ABOUT THIS EXERCISE
Span requested from the data below: the line with "Auf der sonnigen" through the line with "lên 10 sao.", both included. Give only these lines again, exactly, and leave every picture out.

SUPPLIED DATA

··········

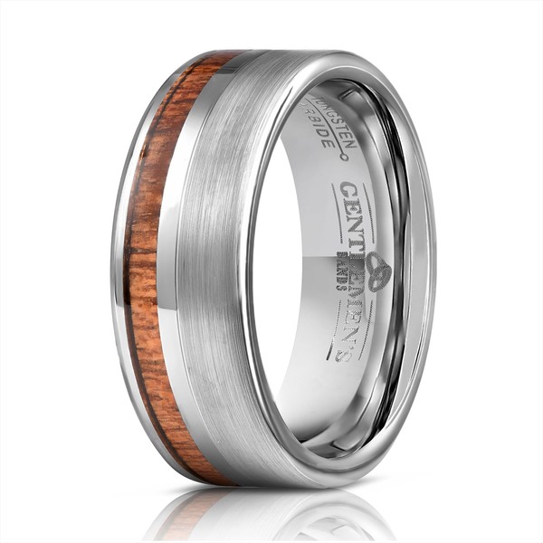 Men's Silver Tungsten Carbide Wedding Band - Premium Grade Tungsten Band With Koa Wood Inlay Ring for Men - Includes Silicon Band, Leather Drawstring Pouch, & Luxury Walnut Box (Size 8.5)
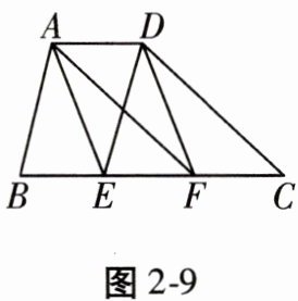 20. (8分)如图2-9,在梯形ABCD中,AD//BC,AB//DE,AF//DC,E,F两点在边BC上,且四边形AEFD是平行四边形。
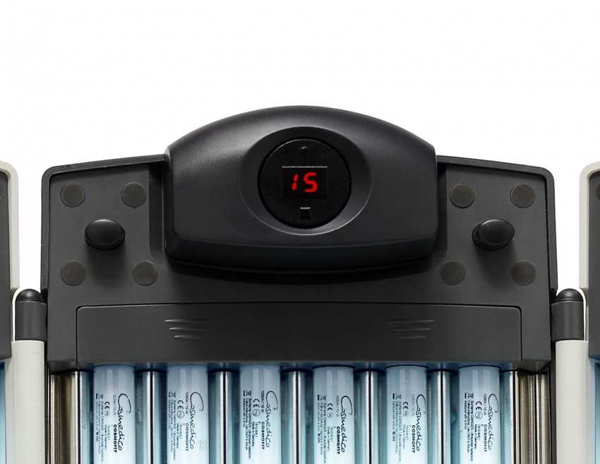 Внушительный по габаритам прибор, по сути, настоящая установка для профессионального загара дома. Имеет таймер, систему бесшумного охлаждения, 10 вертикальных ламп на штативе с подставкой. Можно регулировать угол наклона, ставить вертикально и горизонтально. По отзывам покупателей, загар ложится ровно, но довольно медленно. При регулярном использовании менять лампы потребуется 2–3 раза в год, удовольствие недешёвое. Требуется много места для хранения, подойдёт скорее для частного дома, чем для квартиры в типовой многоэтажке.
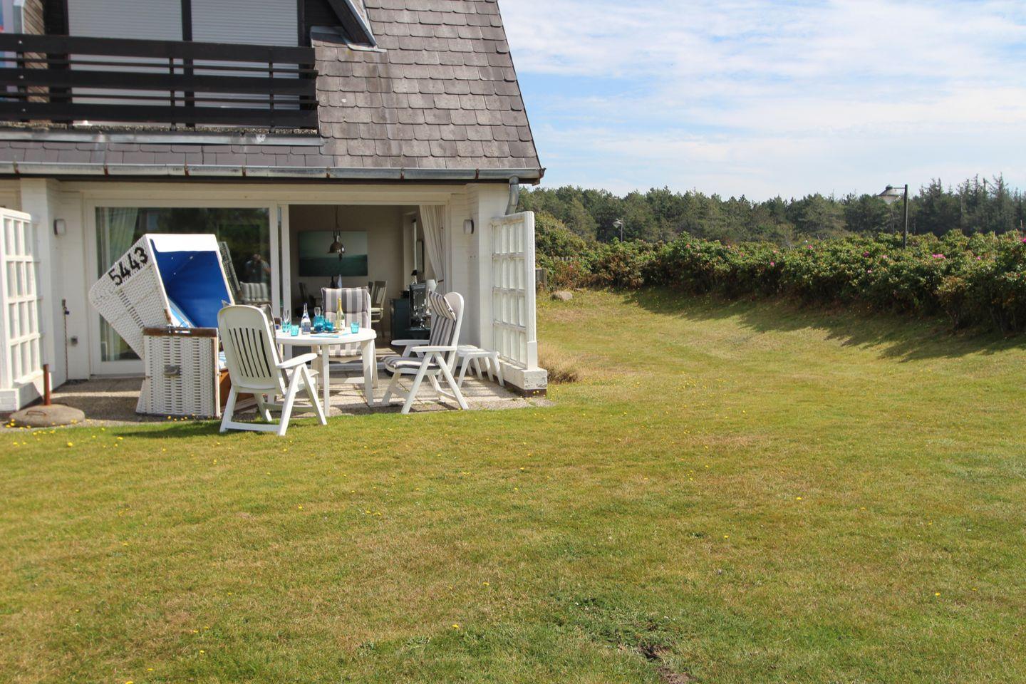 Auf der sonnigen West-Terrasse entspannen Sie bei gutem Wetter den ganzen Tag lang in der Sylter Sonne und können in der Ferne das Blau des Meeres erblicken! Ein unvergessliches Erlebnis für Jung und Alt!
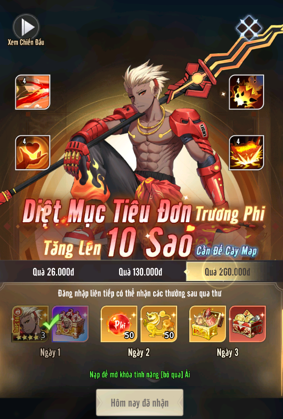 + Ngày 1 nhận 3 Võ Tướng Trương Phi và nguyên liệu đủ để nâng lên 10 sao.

··········

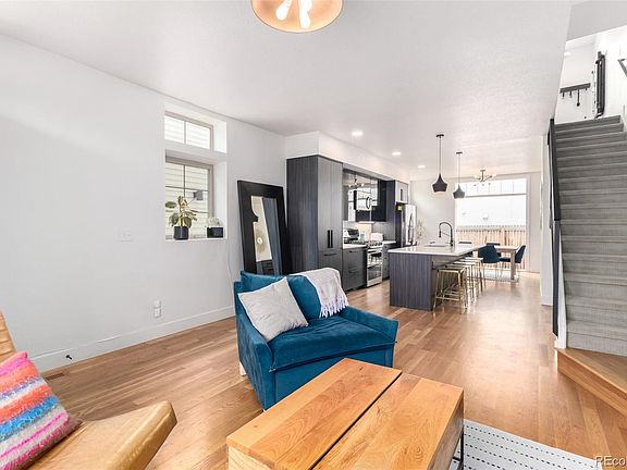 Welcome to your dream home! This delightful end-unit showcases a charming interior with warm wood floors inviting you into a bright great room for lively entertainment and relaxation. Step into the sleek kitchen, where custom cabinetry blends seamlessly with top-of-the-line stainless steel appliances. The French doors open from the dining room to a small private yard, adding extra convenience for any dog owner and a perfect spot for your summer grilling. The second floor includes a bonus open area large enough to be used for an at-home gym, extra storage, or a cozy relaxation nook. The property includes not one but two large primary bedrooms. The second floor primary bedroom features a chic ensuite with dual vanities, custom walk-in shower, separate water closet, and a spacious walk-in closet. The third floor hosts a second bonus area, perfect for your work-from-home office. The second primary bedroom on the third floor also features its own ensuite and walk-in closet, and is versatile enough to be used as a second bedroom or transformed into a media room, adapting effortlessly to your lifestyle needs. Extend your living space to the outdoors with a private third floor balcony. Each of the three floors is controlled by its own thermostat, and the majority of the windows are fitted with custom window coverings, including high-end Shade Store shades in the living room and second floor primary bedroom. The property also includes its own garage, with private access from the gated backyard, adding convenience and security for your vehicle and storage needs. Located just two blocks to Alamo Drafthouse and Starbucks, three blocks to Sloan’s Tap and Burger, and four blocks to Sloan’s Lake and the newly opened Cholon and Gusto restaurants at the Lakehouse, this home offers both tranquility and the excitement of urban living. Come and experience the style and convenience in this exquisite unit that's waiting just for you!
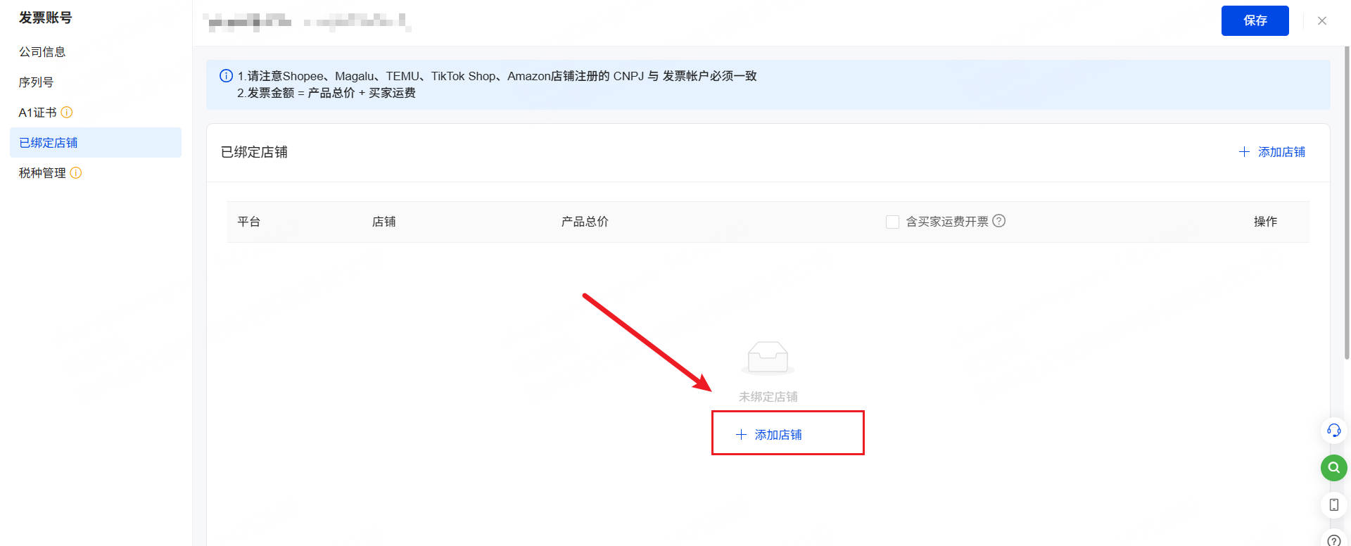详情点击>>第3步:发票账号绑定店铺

··········

ANSWER TO THE PROBLEM
 Auf der sonnigen West-Terrasse entspannen Sie bei gutem Wetter den ganzen Tag lang in der Sylter Sonne und können in der Ferne das Blau des Meeres erblicken! Ein unvergessliches Erlebnis für Jung und Alt!
 + Ngày 1 nhận 3 Võ Tướng Trương Phi và nguyên liệu đủ để nâng lên 10 sao.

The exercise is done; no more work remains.